Là aussi, nous sommes en plein dans les atavismes familiaux, là où remonte notre identité profonde (moi aussi je veux apporter ma pierre au débat sur l’identité nationale, c’est tellement fun !) Géographiquement voisins (boulevard Haussmann, amis de province), ces deux antiques grands magasins nous rappellent la grandiose ère du Second empire, quand le gentil capitalisme commença à prendre de l’ampleur… Oui oui oui j’ai appris ça que les magasins de même type ont tendance à se regrouper dans un même espace de chalandise car le gogo consommateur est du coup encouragé à réaliser sa destinée (consomme que tu consommes jusqu’à ce que mort s’ensuive). Le Printemps a même été béni par le curé de la Madeleine à son ouverture en 1865, c’est dire si tout ça est spirituel ! Bref, chez nous on est Galeries (et protestants). Mais d’aucun a su me convertir passagèrement au Printemps. Conclusion : ça se gère au coup par coup. Exemple : pour l’homme, le Printemps y a pas photo ; pour les montres de luxe idem (ouais je sais aucune constance politique) (mais moi j’ai pas de montre de luxe, juste je les regarde) (pensez à la reverso de Jaeger-Lecoultre, PLEASE, quand je serai une vieille rombière de droite) (sinon une Bréguet fera l’affaire) ; pour les jouets et les fringues de nana pas trop chères par contre, Galeries !! Bref, une longue pratique de la consommation pour les nuls est nécessaire.

T’es plutôt Gibert Jeune ou Gibert Joseph?

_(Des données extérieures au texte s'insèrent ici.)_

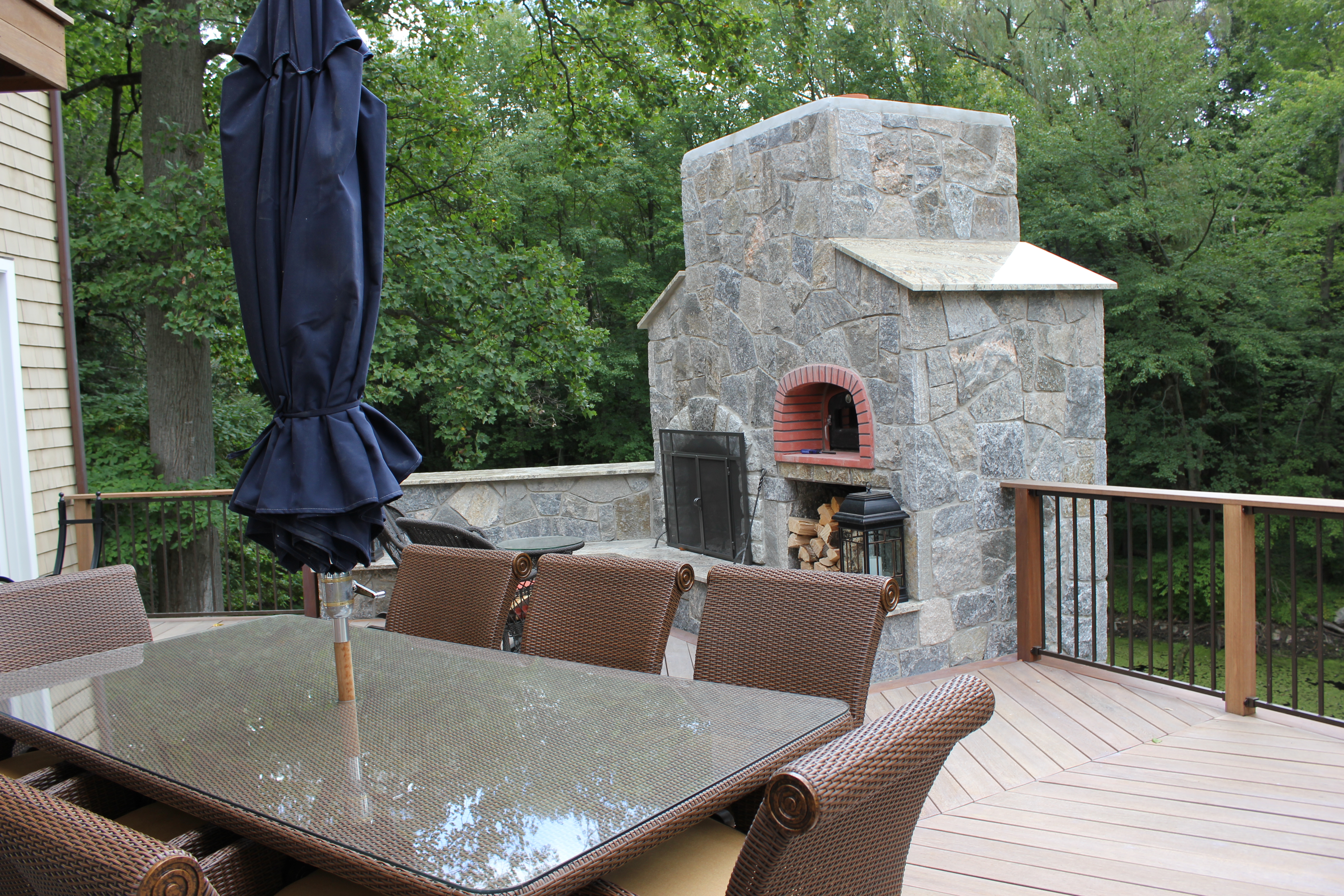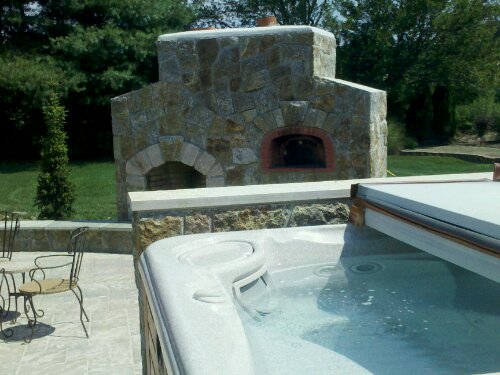 Not only looking handsome and stone tall in the corner of the backyard, The work house of the OUTDOOR KITCHEN can be the same Outdoor fireplace with a slightly Different intent. These type outdoor fireplaces are usually coupled with warming drawers and Hearth ovens. More commonly referred to as Pizza Ovens. This upper level outdoor fireplace with Tuscan wood fired pizza oven looks and tastes fabulous. What a statement an outdoor fireplace can be to Outdoor Living. Outdoor living beyond the walls of your home can feel fabulous too with this wood burning fireplace and pizza oven. Outdoor living fabulously design builder and founder of THE OUTDOOR KITCHEN DESIGN STORE Michael Gotowala has staff of artistic masons performing exemplary masonry building outdoor kitchens and outdoor fireplaces.Outdoor fireplaces stand tall in the Landscape as well as the homescape. It surely comes to reason that Outdoor Fireplaces are amongst the hottest trends in outdoor Living.

Ce point s’adresse exclusivement aux étudiants / wannabe intellos du quartier latin qui fouillent les librairies du coin. Je répondrai lapidairement à cette question: Gibert Joseph et y a même pas PHOTO!

T’es plutôt Hédiard ou Fauchon ?

Ben là t’es surtout un sale bourge. Sors immédiatement de ta Porsche garée place de la Madeleine et descends dans les couloirs de la ligne 8 du métro respirer un peu les remugles de la classe populaire. Ah oui, ça fait du bien, hein ! Peut-être même que tu rencontreras une charmante petite esthéticienne que tu épouseras après lui avoir passé au pied la deuxième chaussure de la paire de Louboutin à la bonne taille… Ah non pardon ça c’est Cendrillon (c’est vrai que l’ascension sociale par le mariage c’est quand même un gros kif) (youhou, l’émir du Qatar ?? Je suis là !!) Vivement un petit casse chez Hédiard pour une redistribution aux clodos, comme au bon vieux temps du gauchisme (enfin moi j’dis ça j’dis rien).